> **EXERCISE**:
Every line in the data below from the one containing "40タイプライターのナチュラ" down to the one containing "HOT Information مناقصة", both included, must be retyped exactly; no other line is to appear.
INPUT START
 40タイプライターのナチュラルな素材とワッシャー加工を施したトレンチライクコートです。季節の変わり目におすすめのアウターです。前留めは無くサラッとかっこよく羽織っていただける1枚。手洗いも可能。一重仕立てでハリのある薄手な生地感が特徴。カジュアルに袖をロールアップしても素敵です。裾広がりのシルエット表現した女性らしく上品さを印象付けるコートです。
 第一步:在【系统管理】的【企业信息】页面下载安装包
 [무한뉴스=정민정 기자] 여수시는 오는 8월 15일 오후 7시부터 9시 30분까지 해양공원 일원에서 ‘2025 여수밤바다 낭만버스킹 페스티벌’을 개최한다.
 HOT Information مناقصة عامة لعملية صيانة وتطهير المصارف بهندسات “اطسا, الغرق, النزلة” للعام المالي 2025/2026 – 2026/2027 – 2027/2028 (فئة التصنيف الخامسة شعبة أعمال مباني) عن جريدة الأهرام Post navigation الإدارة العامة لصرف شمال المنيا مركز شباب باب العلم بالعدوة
INPUT END
INPUT START
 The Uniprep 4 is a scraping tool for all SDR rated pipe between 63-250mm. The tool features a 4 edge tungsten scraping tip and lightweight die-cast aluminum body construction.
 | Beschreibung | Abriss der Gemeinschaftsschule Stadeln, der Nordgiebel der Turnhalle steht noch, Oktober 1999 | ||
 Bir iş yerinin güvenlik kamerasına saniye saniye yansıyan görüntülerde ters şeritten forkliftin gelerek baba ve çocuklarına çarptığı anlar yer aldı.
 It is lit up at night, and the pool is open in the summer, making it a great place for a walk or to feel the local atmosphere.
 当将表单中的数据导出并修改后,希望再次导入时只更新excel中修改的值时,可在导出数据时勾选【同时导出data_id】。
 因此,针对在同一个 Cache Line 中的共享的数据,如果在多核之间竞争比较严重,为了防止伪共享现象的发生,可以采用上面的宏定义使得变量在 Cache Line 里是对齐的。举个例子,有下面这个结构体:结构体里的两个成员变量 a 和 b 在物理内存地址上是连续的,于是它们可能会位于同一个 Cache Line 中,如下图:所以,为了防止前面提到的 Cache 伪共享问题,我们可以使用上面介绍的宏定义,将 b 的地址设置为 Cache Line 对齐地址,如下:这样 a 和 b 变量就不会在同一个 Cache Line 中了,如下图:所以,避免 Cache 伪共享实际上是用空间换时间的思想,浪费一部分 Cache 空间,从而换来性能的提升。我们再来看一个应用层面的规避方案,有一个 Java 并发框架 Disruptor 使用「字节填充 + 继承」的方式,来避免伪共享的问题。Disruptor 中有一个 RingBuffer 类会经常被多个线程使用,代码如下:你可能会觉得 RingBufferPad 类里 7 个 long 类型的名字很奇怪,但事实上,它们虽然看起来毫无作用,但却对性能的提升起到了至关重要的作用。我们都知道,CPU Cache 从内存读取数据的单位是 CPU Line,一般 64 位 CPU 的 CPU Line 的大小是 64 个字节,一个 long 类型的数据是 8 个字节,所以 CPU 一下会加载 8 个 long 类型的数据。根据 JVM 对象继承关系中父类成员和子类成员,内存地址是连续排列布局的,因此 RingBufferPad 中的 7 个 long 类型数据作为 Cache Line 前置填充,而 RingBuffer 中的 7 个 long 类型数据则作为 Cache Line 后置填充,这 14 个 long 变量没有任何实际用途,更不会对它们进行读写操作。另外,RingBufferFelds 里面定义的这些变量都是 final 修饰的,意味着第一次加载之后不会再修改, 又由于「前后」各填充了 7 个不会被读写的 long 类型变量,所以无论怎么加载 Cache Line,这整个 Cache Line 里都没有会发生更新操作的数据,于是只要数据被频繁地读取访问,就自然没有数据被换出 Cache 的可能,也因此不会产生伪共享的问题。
INPUT END
> **EXERCISE ANSWER**:
 40タイプライターのナチュラルな素材とワッシャー加工を施したトレンチライクコートです。季節の変わり目におすすめのアウターです。前留めは無くサラッとかっこよく羽織っていただける1枚。手洗いも可能。一重仕立てでハリのある薄手な生地感が特徴。カジュアルに袖をロールアップしても素敵です。裾広がりのシルエット表現した女性らしく上品さを印象付けるコートです。
 第一步:在【系统管理】的【企业信息】页面下载安装包
 [무한뉴스=정민정 기자] 여수시는 오는 8월 15일 오후 7시부터 9시 30분까지 해양공원 일원에서 ‘2025 여수밤바다 낭만버스킹 페스티벌’을 개최한다.
 HOT Information مناقصة عامة لعملية صيانة وتطهير المصارف بهندسات “اطسا, الغرق, النزلة” للعام المالي 2025/2026 – 2026/2027 – 2027/2028 (فئة التصنيف الخامسة شعبة أعمال مباني) عن جريدة الأهرام Post navigation الإدارة العامة لصرف شمال المنيا مركز شباب باب العلم بالعدوة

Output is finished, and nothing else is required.